A friend and former teaching colleague told me the other day that he thought that we were living in a post-literature age. This was in response to my remarks about how little my son Tom read (as in book reading). I had also mentioned my disappointment at how few novels were being read in his Year 7 English class, namely one to date. This seems to be a trend nowadays and one that I think might be regretted in years to come.
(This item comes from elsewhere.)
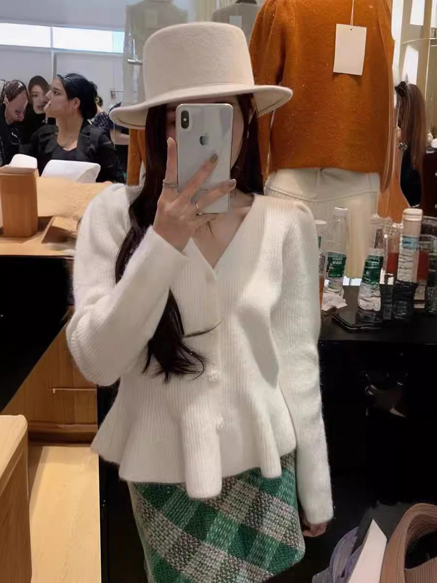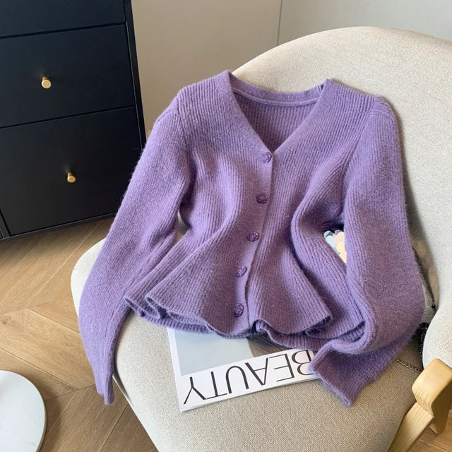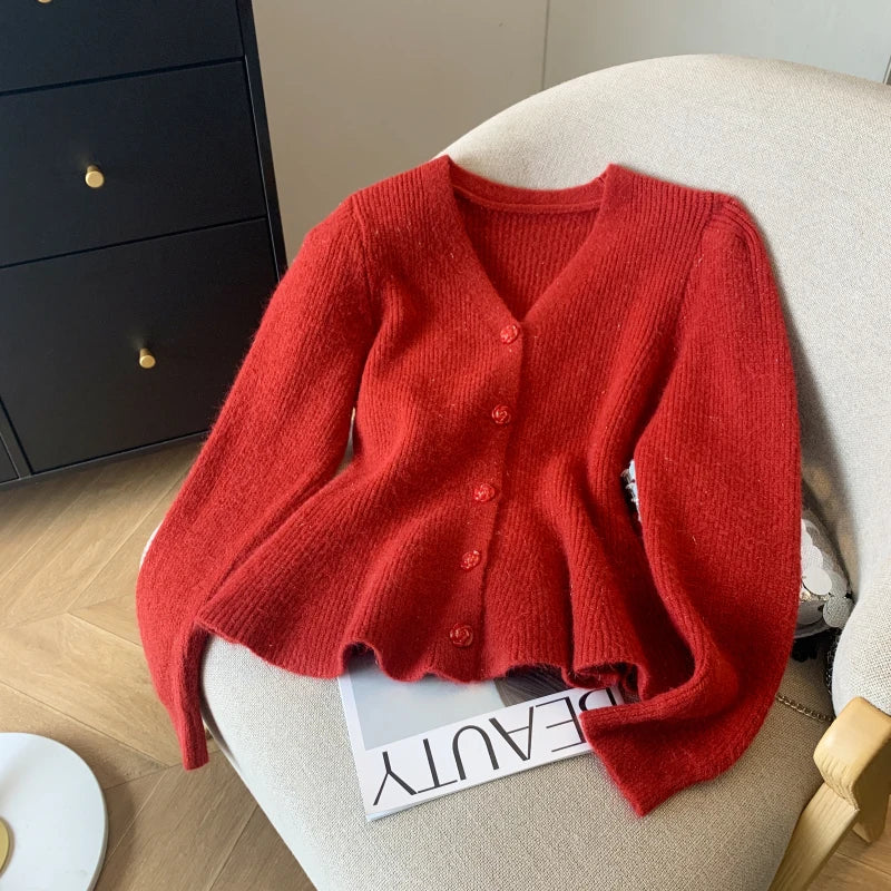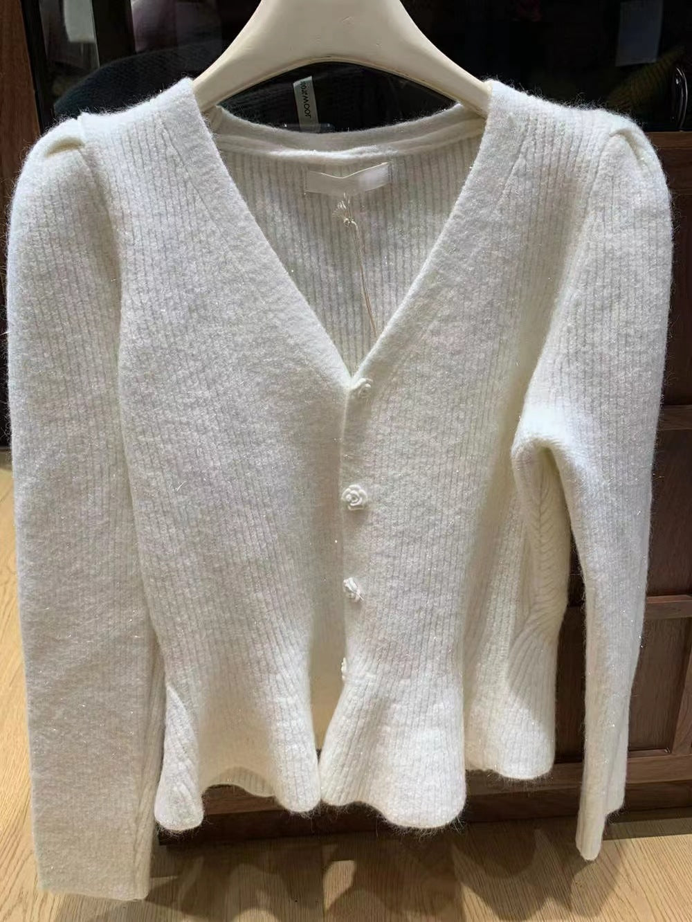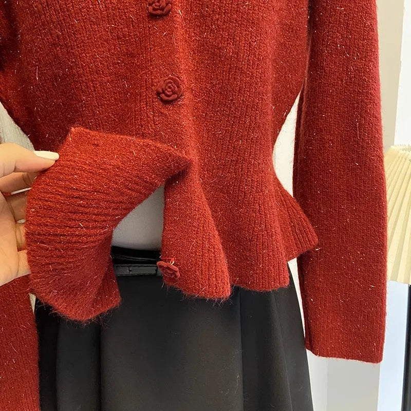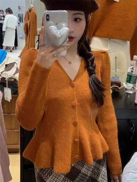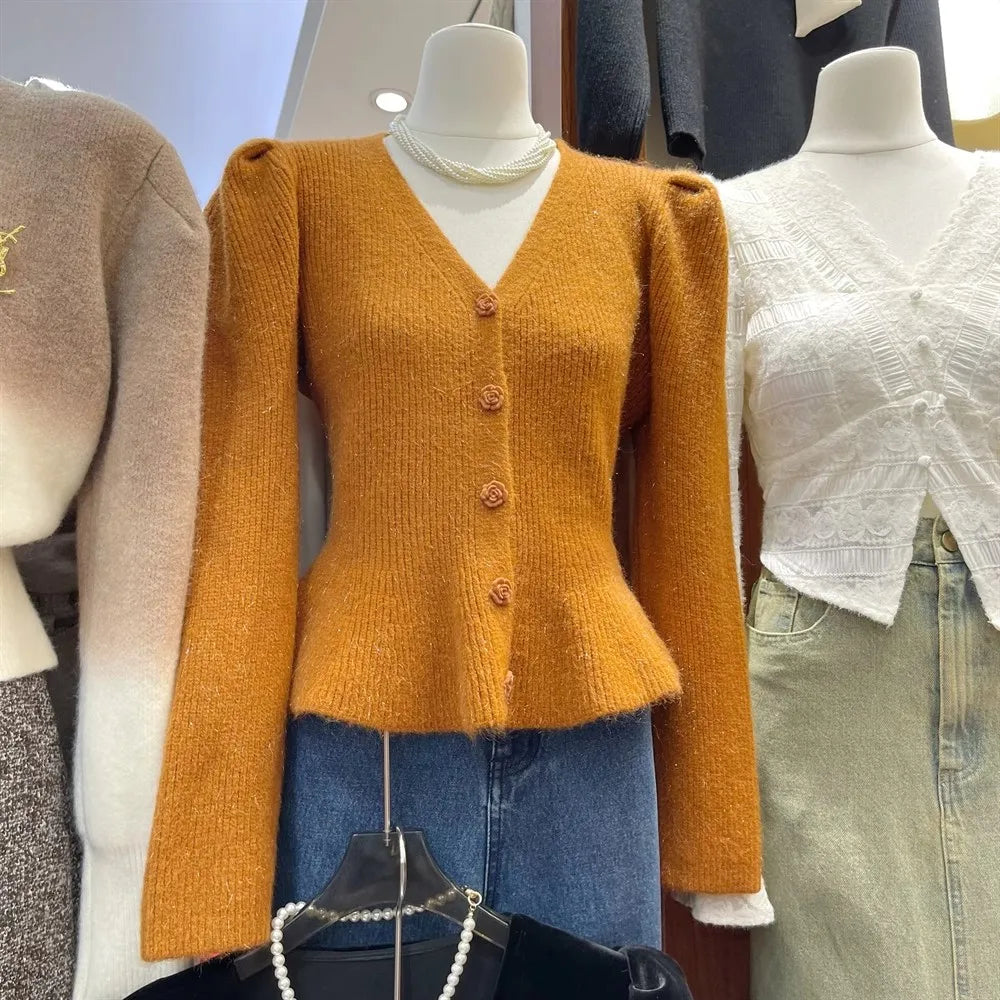 Autumn Winter Orange Bright Silk Knitted Sweater Cardigan Fashion Women Neck Rose Floral Buttons Ruffles Short Coat Tops

Novels are usually written by people with a decent grasp of how to write. Even potboilers have structure - a certain complexity of vocabulary and sentence variability. There is an unfolding plotline. When we read novels (or any text for that matter), we learn something about language. We learn initially to imitate through immersion in the reading process and later we develop our own style, often a composite of many others. I find my own writing style takes on something of the last substantial thing that I read, whether it be fiction or non-fiction. Following the completion of Dickens A Tale of Two Cities I found myself writing in a more ornate, wordy manner. I recognised that fact and made the adjustment, but something in my writing was changed by the experience. And this is a positive thing.
You can examine as many fragments of text types that you like and become passably good at understanding or interpreting them. You might become an effective communicator in these modes. But immersion in story-telling is fundamental if we want students to be competent writers of their native language; also if we want them to understand their own culture and (dare I say it), the human condition.
I think the notion of a post-literature age is overblown. Perhaps more realistically, we are seeing the last outworking of post-modernity as an abiding influence, together with the necessary accommodation that the technological revolution has forced upon educational systems. Like many things that are in fashion, the things that are important will re-emerge, minus the frippery.